Probably $25,000. Having said that, quite frankly, if someone walked through the door and applied for $10,000 to get a business off the ground, we'd take a look at it -- but it's not our stock in trade.
I'd say our average small-business loan is in the $150,000 area. We are, as far as I know, the only mutual savings bank with SBA preferred lender status, which allows you to evaluate a credit in-house, but you have to do the lending in some volume for that status. Last year, we did $29 million in SBA lending, and we've got a total of $143 million on the books.
The 40-basis-point servicing fee and the reduced guarantees might discourage other banks from being as strongly involved in SBA lending as we have been, so we might have more applications heading our way.
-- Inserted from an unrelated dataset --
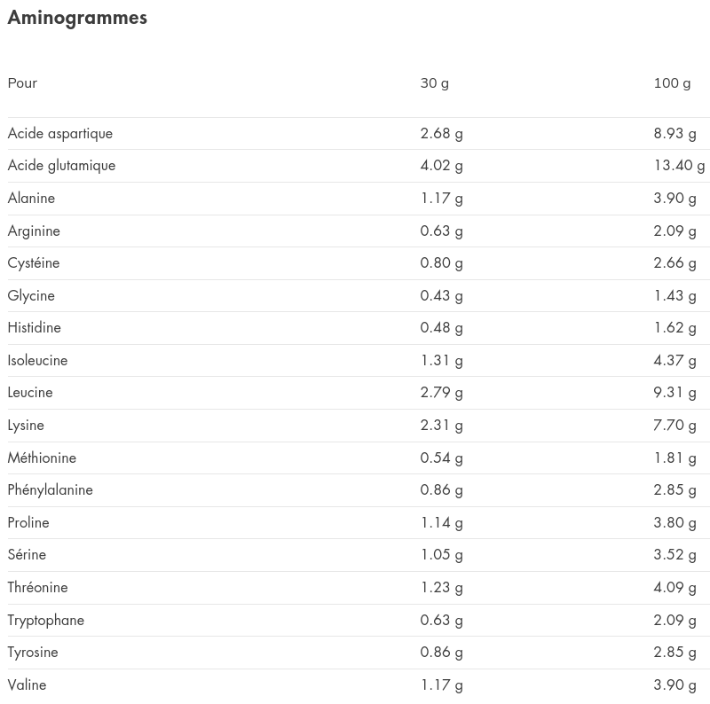 - Teneur en protéines : 75g /100g dans sa version nature (forcément un peu moins avec arômes).

On the other hand, reducing guarantees might hurt secondary market sales, and that means you'll have to retain more capital, so the reductions seem counterproductive.
We're making small-business loans down to $1,000, and I've probably made them smaller than that. But having a small bank, $115 million in assets, and being in a community of 8,500 people, we make loans to individuals as small as $200, $300, $400 all the time.
Our average small-business loan is $25,000 to $50,000, but lately, a lot of this lending is aimed at helping keep afloat the businesses that depend on our lake.
It's a Corps of Engineers lake, and the water got so high during the flooding that it shut down marinas and boat dealers, so we're providing cash-flow funds to help them survive.
We have some SBA loans on the books, but we need them, so we don't sell any of them in the secondary market. That means were not worried about the new fees for selling the loans at a premium, but, if we ever got to the point where we needed to sell them, the fees might have an effect our SBA lending decisions.
We serve many small business with loans as small as $5,000 and $10,000. Over time, some of those businesses grow to have significant accounts, which significantly enhances lending yield. And there isn't much competition for small-business loans, so we get fair pricing.
Our average small-business loan is probably in the $200,000 area. We are doing SBA lending and, while we don't have as large a portfolio as we'd like to have, it is a lucrative area of business for us.
Small-business loan demand is not very strong but, this year, we expect to book $5 million in SBA loans. Additionally, our new small-business borrowings should exceed $50 million -- and we're expecting $50 million to $100 million in renewals.
I don't think the new SBA fees or reduced guarantees will be deal breakers, because we apply the same guidelines we have for nonguaranteed loans, and we are maintaining them in our portfolio.